Martha Jungwirth (b. 1940) is an Austrian painter whose work occupies a distinctive position within postwar European abstraction. She studied at the University of Applied Arts Vienna, where she later taught from 1967 to 1977. In the late 1960s, she emerged as the only female member of the Viennese artist collective Wirklichkeiten (Realities), developing a practice that diverged from dominant tendencies such as European Informel by maintaining a sustained tension between abstraction and figuration.
Jungwirth’s work is characterized by an intuitive, process-based approach to painting that emphasizes gesture, materiality and the physical engagement of the body. Her compositions are not pre-planned but develop through a dynamic interaction with the medium, resulting in works that balance spontaneity with compositional control. In contrast to the analytical frameworks of Minimalism and Conceptualism, her practice foregrounds subjectivity and the embodied act of mark-making.
Her paintings and works on paper often originate from external stimuli such as travel, historical references, mythology, or political events which function as points of departure rather than fixed subjects. Jungwirth frequently works on unconventional supports, including cardboard and brown paper, further emphasizing the material dimension of her practice.
Jungwirth received early institutional recognition, including participation in Documenta 6 (Kassel, 1977). Later in the 2010s, a presentation within an exhibition curated by Albert Oehlen at the Essl Museum in 2010 contributed to a broader reassessment of her practice.

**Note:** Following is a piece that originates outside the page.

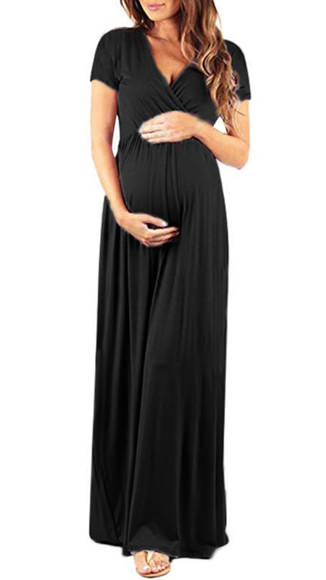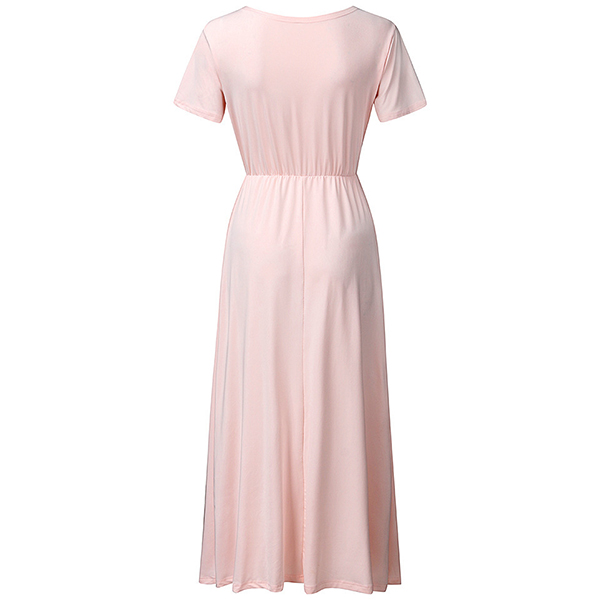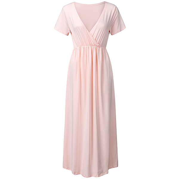 Sexy V-neck Short Sleeve High Waist Solid Color Maternity Dress

Since then, her work has been featured in major solo exhibitions at Kunsthalle Krems, Austria; Kunsthalle Düsseldorf, Germany; the Albertina Modern, Vienna, Austria; and the Guggenheim Museum Bilbao, Spain, where a major retrospective took place in 2024.
Over the course of her career, Jungwirth has received numerous awards, including the Theodor Körner Prize (1964), the Joan Miró Prize (1966), the Oskar Kokoschka Prize (2018), and the Grand Austrian State Prize (2021).